◆ About this exercise
Omitting the pictures, print every line below exactly as it stands.

◆ Items from a dataset
◆ ◆ ◆ ◆ ◆

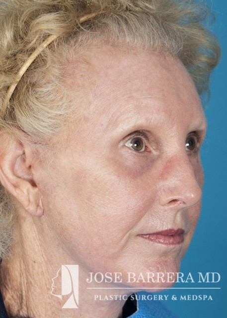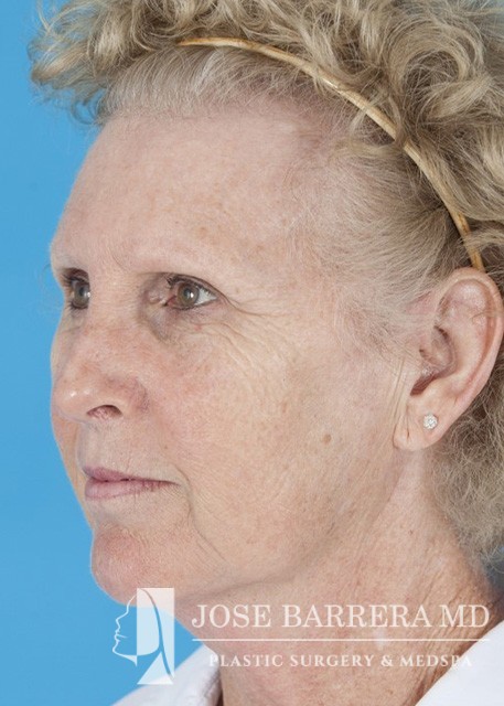 This patient presents with severe solar elastosis, hyperpigmentation, and fine wrinkles. She underwent CO2 laser resurfacing using Lumenis fractional active and deep FX. She is 3 months postop.
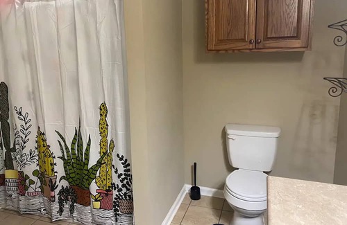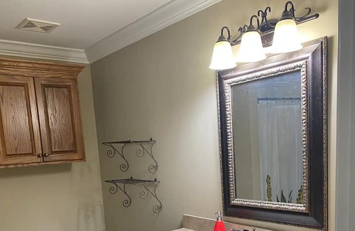 A nice getaway nice kitchen a screen in porch with a table and chairs to watch the sun rise over the river has a boat ramp on property and a dock to put ur boat on and fish off of its down a dirt road and in the country it has a bonus room downstairs upon request for extra charge
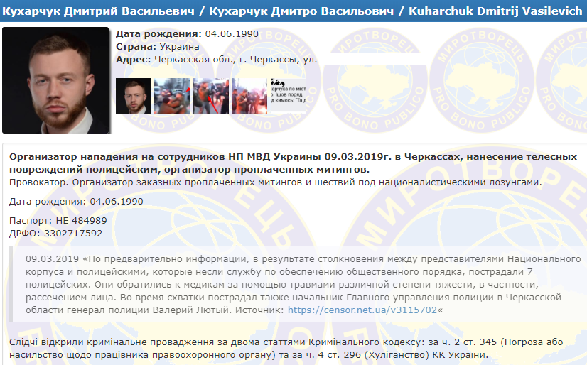 На сайте также указаны личные данные Дмитрия Кухарчука и адрес его проживания в Черкассах. "Провокатор. Организатор заказных и проплаченных митингов и шествий под националистическими лозунгами", - такую характеристику составили националисту.
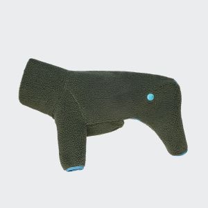 Теплий флісовий светр у тедді-стилі для хортів та уіпетів в оливковому кольорі з повним покриттям лап. Затишний комбінезон із захистом живота має спеціальний крій для вузького, витягнутого тіла.
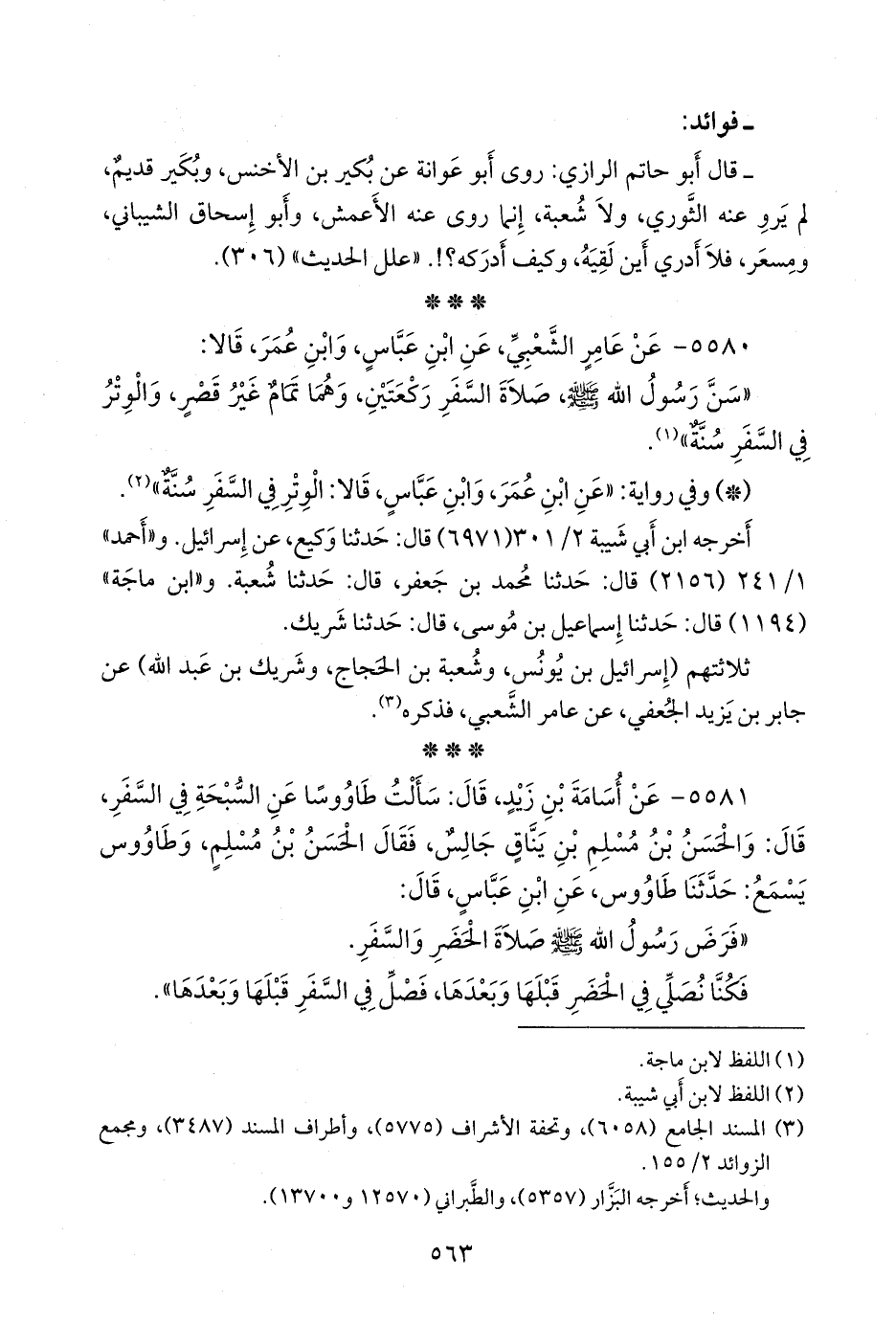 ٥٥٨١ - عن أُسامة بن زيد، قال: سألت طاووسا عن السبحة في السفر، قال: والحسن بن مسلم بن يناق جالس، فقال الحسن بن مسلم، وطاووس يسمع: حدثنا طاووس، عن ابن عباس، قال:
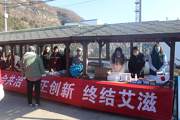 在第38个“世界艾滋病日”来临之际,门头沟区疾控中心联合妙峰山社区卫生服务中心、区妇幼保健院、石景山区艾滋病皮肤性病防治协会、北京同心相随志愿者发展中心共同在陇家庄大集开展了“社会共治 守正创新 终结艾滋”主题宣传活动。
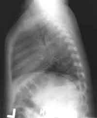 At 9 months of age, he was again admitted with a wet cough, fever, and dyspnea which was again unresponsive to salbutamol. Nasal cultures were positive for RSV. He received sabutamol, oral dexamethsone, oxygen, and chest physiotherapy. Following this last admission, the patient had constant coryza, a harsh wet cough in the evening, and yellow or white sputum production. He had a few episodes of dyspnea and cyanosis. He had 3 hard stools per day.
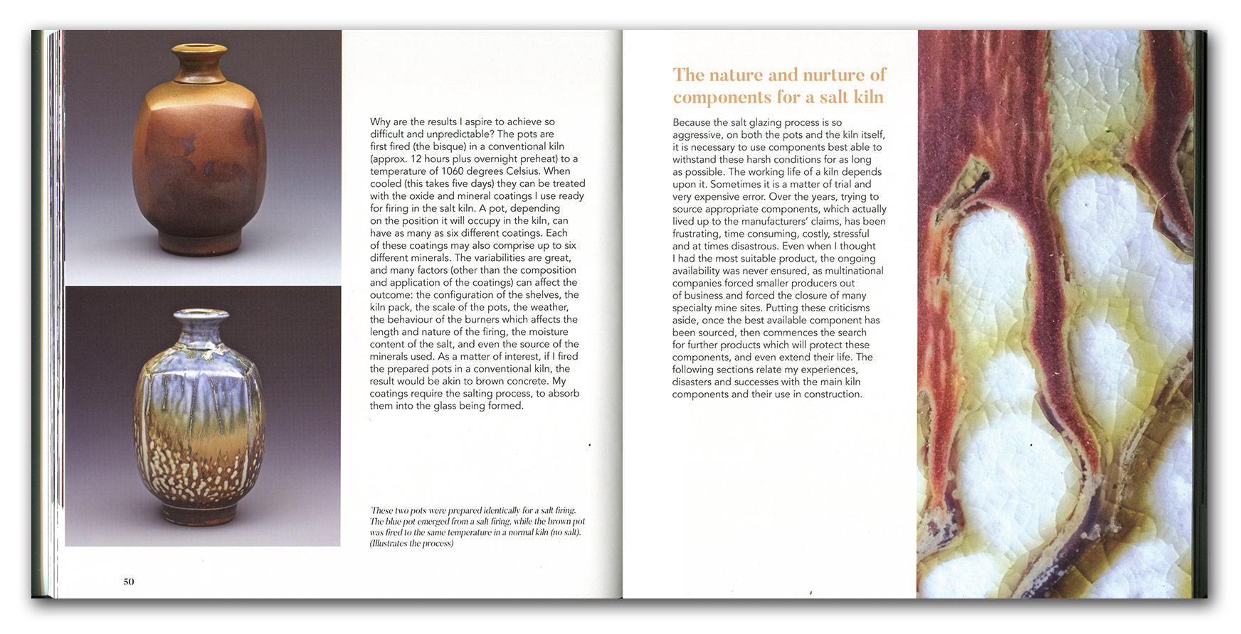 En este libro, además de la historia personal del autor, encontramos también ensauyos sobre las técnicas, Sin ser un libro técnico, se hace evidente la fascinación del autor por los procesos, como el de los esmaltes salinos, que ha utilizado durante años, y de los que es un consumado maestro. Nos habla de las técnicas, los materiales, las cocciones, los quemadores que utilliza, Lo mismo podemos leer sobre las cocciones de leña, sobre sus experimentos con el uso de la fibra cerámica para la realización de piezas de terra sigillata (la utiliza para “envolver” las piezas durante la cocción).
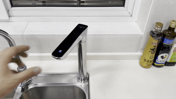 智能龙头的高度足够高,即使旋转到台面上也能用保温杯接水,再也不用为保温杯身过高无法接水而烦恼了。
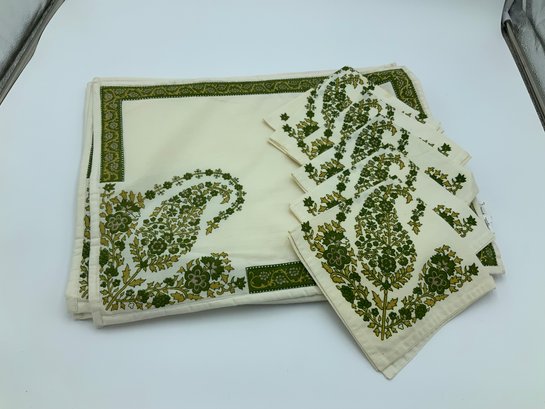 This is a set of 6 attractive placemats with matching napkins in cotton. Most in great condition, 2 placemats have pink stains on the back that are not very visible as can be seen in the photos. Two of the napkins also show minor signs of use.
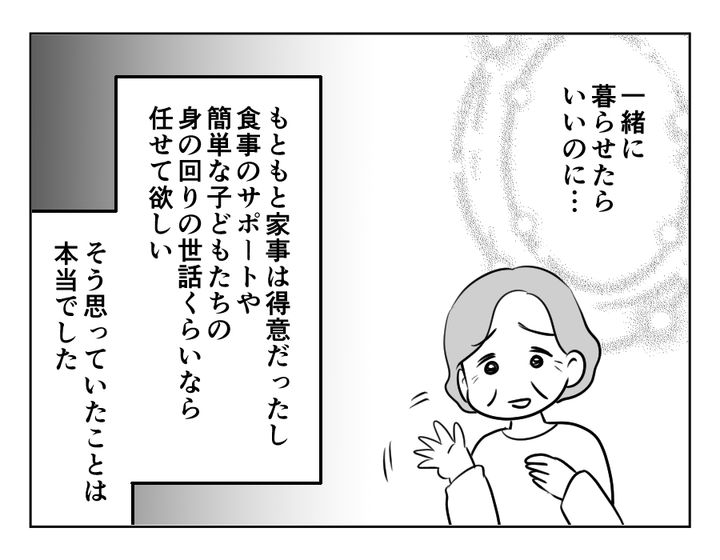 私(義母)は、夫(義父)との2人暮らし。ひとり息子のリュウは結婚をして、奥さんのチナツさんと、息子のソウくん、娘のサヤちゃんの4人家族です。私たちの生きがいは孫たちに会うこと。チナツさんもとても明るくて優しいお嫁さんで、よく家族でわが家に遊びにきてくれていました。もともとここら辺の地域では二世帯で同居をしている家庭も多く、わが家も以前から同居をお願いしていました。私は料理が得意だったし、孫たちの身の回りの世話や食事作りは任せてほしい! そう提案してソウくんが小学校に上がるタイミングで、ようやく同居をすることができたのです。

◆ ◆ ◆ ◆ ◆

◆ Written response
 This patient presents with severe solar elastosis, hyperpigmentation, and fine wrinkles. She underwent CO2 laser resurfacing using Lumenis fractional active and deep FX. She is 3 months postop.
 A nice getaway nice kitchen a screen in porch with a table and chairs to watch the sun rise over the river has a boat ramp on property and a dock to put ur boat on and fish off of its down a dirt road and in the country it has a bonus room downstairs upon request for extra charge
 На сайте также указаны личные данные Дмитрия Кухарчука и адрес его проживания в Черкассах. "Провокатор. Организатор заказных и проплаченных митингов и шествий под националистическими лозунгами", - такую характеристику составили националисту.
 Теплий флісовий светр у тедді-стилі для хортів та уіпетів в оливковому кольорі з повним покриттям лап. Затишний комбінезон із захистом живота має спеціальний крій для вузького, витягнутого тіла.
 ٥٥٨١ - عن أُسامة بن زيد، قال: سألت طاووسا عن السبحة في السفر، قال: والحسن بن مسلم بن يناق جالس، فقال الحسن بن مسلم، وطاووس يسمع: حدثنا طاووس، عن ابن عباس، قال:
 在第38个“世界艾滋病日”来临之际,门头沟区疾控中心联合妙峰山社区卫生服务中心、区妇幼保健院、石景山区艾滋病皮肤性病防治协会、北京同心相随志愿者发展中心共同在陇家庄大集开展了“社会共治 守正创新 终结艾滋”主题宣传活动。
 At 9 months of age, he was again admitted with a wet cough, fever, and dyspnea which was again unresponsive to salbutamol. Nasal cultures were positive for RSV. He received sabutamol, oral dexamethsone, oxygen, and chest physiotherapy. Following this last admission, the patient had constant coryza, a harsh wet cough in the evening, and yellow or white sputum production. He had a few episodes of dyspnea and cyanosis. He had 3 hard stools per day.
 En este libro, además de la historia personal del autor, encontramos también ensauyos sobre las técnicas, Sin ser un libro técnico, se hace evidente la fascinación del autor por los procesos, como el de los esmaltes salinos, que ha utilizado durante años, y de los que es un consumado maestro. Nos habla de las técnicas, los materiales, las cocciones, los quemadores que utilliza, Lo mismo podemos leer sobre las cocciones de leña, sobre sus experimentos con el uso de la fibra cerámica para la realización de piezas de terra sigillata (la utiliza para “envolver” las piezas durante la cocción).
 智能龙头的高度足够高,即使旋转到台面上也能用保温杯接水,再也不用为保温杯身过高无法接水而烦恼了。
 This is a set of 6 attractive placemats with matching napkins in cotton. Most in great condition, 2 placemats have pink stains on the back that are not very visible as can be seen in the photos. Two of the napkins also show minor signs of use.
 私(義母)は、夫(義父)との2人暮らし。ひとり息子のリュウは結婚をして、奥さんのチナツさんと、息子のソウくん、娘のサヤちゃんの4人家族です。私たちの生きがいは孫たちに会うこと。チナツさんもとても明るくて優しいお嫁さんで、よく家族でわが家に遊びにきてくれていました。もともとここら辺の地域では二世帯で同居をしている家庭も多く、わが家も以前から同居をお願いしていました。私は料理が得意だったし、孫たちの身の回りの世話や食事作りは任せてほしい! そう提案してソウくんが小学校に上がるタイミングで、ようやく同居をすることができたのです。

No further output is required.